WHAT THIS TASK INVOLVES — Return nothing but the lines from the one with "Pozůstatky koupelen v" through the one with "นงชิม ชินรามยอน รสเผ็ด" in the data below, word for word and without pictures.

EXERCISE DATA —
● ● ●
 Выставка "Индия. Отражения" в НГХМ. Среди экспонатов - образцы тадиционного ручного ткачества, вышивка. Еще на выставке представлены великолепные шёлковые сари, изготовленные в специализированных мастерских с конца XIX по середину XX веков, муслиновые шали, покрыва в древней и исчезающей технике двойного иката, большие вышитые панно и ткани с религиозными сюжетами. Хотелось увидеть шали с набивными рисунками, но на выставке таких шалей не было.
● ● ●
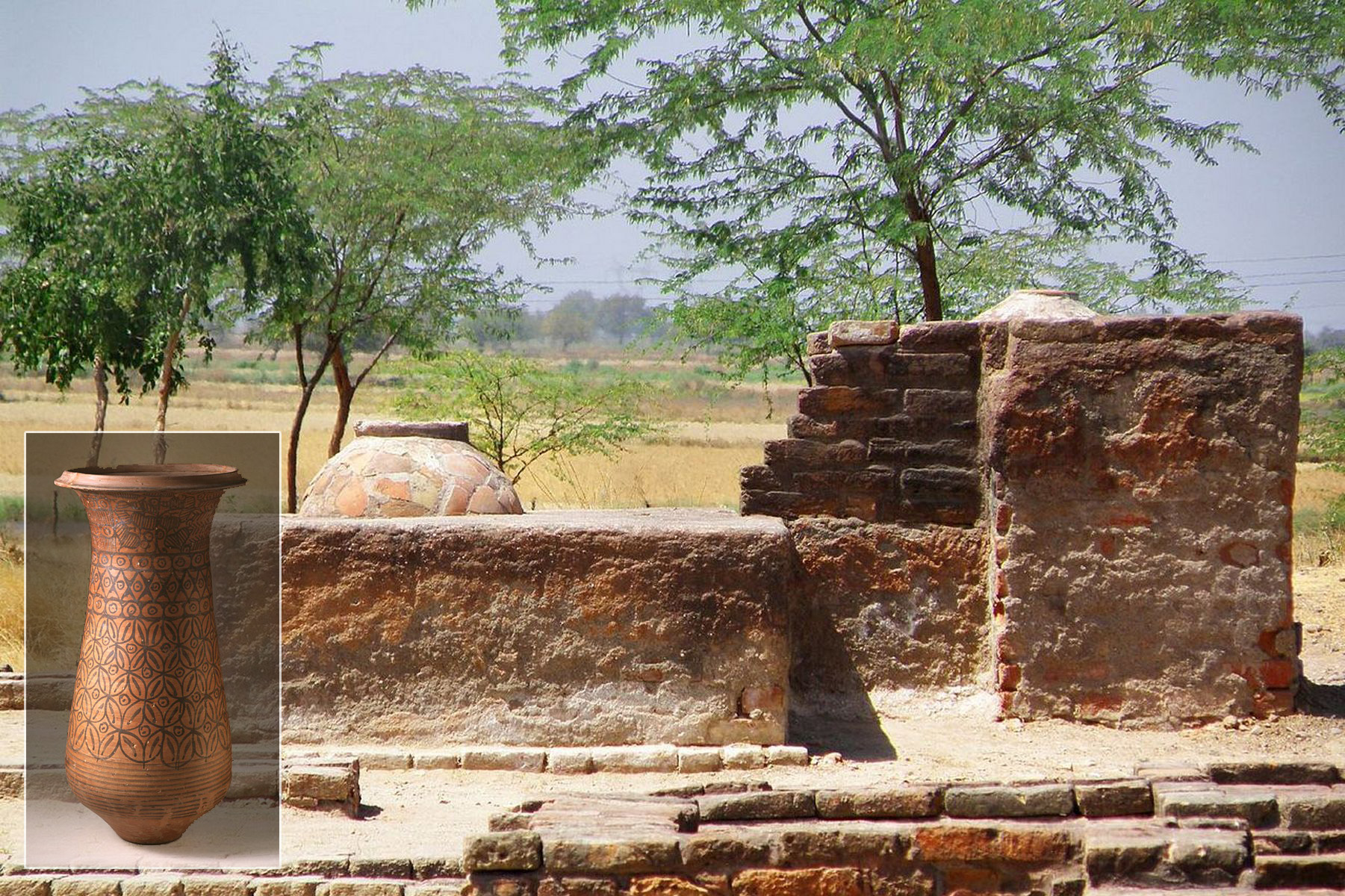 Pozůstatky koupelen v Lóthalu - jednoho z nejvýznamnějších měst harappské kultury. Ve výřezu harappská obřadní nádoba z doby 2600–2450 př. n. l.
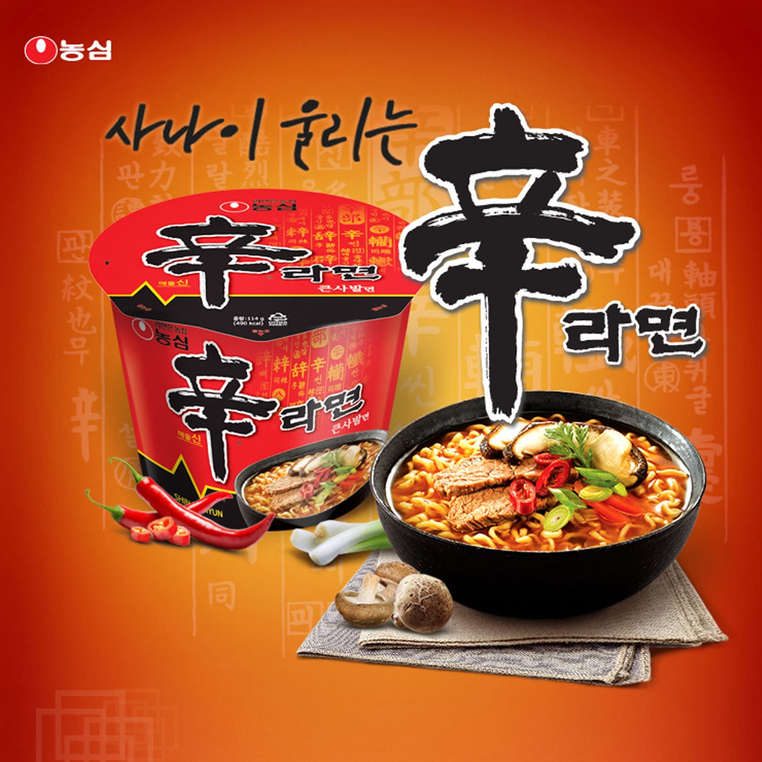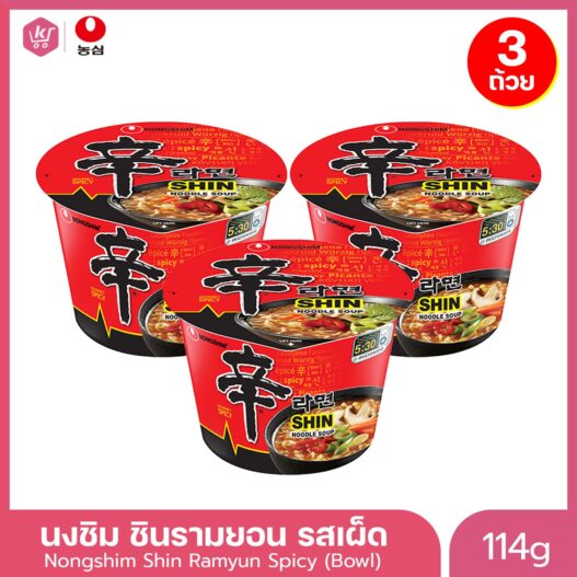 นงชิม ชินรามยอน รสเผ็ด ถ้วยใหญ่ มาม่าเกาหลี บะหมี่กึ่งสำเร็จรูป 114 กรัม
● ● ●
PROBLEM SOLUTION —
 Pozůstatky koupelen v Lóthalu - jednoho z nejvýznamnějších měst harappské kultury. Ve výřezu harappská obřadní nádoba z doby 2600–2450 př. n. l.
 นงชิม ชินรามยอน รสเผ็ด ถ้วยใหญ่ มาม่าเกาหลี บะหมี่กึ่งสำเร็จรูป 114 กรัม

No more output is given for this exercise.